On June 9 exciting events were happening in Mayors Park on State Street in Ferron. The Utah Army National Guard was on hand with heavy military equipment and large helicopters for tours given by the guard. Ferron City was holding a community garage and bake sale sponsored by the American Legions Women's Auxiliary. Ferron City had prepared the community covenant to be signed, following the program. The city council and citizens demonstrated how the city and the citizens of Ferron have a commitment of support for our servicemen and women in uniform and their families.

Mayor JoAnn Behling said it is an honor and a pleasure to welcome everyone and to invite the Utah Army National Guard to be with them this day. "It is also an honor to have General Tarbet of the Utah Army National Guard with us this day. We appreciate him making the effort to come down to be with us for this special occasion and it is an honor to be invited by the Utah National Guard to become a covenant city. By that I mean a city that will support our military families in any way that we can and show them our respect and gratitude for what they do for us to provide the freedoms that we enjoy, because of their dedication to our country by signing this covenant today," said Mayor Behling.

"It is really a privilege to have the National Guard here. These men and women are from the 211th Aviation Group from West Jordan. They are who we depend upon to keep us free. We are indeed grateful for that. This group includes one of our own Capt. Jeremy Tannahill from Ferron, and he is a pilot of one of the helicopters. We are grateful to have him with us today and that he has done so well," the Mayor stated. The mayor then went on to describe the tour the guard gave the mayor and council members, at the Guard encampment by Millsite dam.

Lou Sansevero led the Pledge of Allegiance. This was followed by a prayer led by Roger Barton.

Mayor Behling then introduced Major General Brian L. Tarbet. Gen. Tarbet has a son deployed to Afghanistan who will soon be coming home. Major General Tarbet has been the Adjutant General of the Utah Army National Guard since Oct. 1, 2000. He is responsible for the 7,000 soldiers and airmen of the Utah National Guard.

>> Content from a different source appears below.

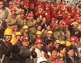 圖:現(xiàn)場工程人員慶賀上游圍堰合龍成功

Gen. Tarbet said, "I have been privileged to be a soldier for four decades and it is a privilege to be here this morning with these wonderful guys from the 211th an outstanding unit and I'm grateful to be here. I want to thank this lovely town of Ferron. No one wears their heart on their sleeves like these small towns that love their soldiers, sailors, airmen and marines. All those who have family members serving or who have served in the military please stand up. These are the real heroes folks. These families that support and love our troops.

"I was recently in Afghanistan to visit our soldiers, and I had the opportunity to fly with my son and with Jan Hess's son, who flew me all around Afghanistan that day. I told her I was counting on her son to get my son home safe. It's going to be a great privilege next Monday to go down to Texas to get them off of the plane. They have served well, but I want you to remember this as the sun rose over Emery County this morning, there are 400 Utahns at war. Four hundred of our fellow citizens are at war this morning in some very difficult places. There are another 150 that we are going to put on a plane on Wednesday and send them. So we need to remember them. We need to remember their families. I know you will. These community covenants that we sign, this is really sort of an after thought because you don't need to sign a piece of paper to support and love our troops. You have been doing it for years. We acknowledge that and thank you for it. We do appreciate it.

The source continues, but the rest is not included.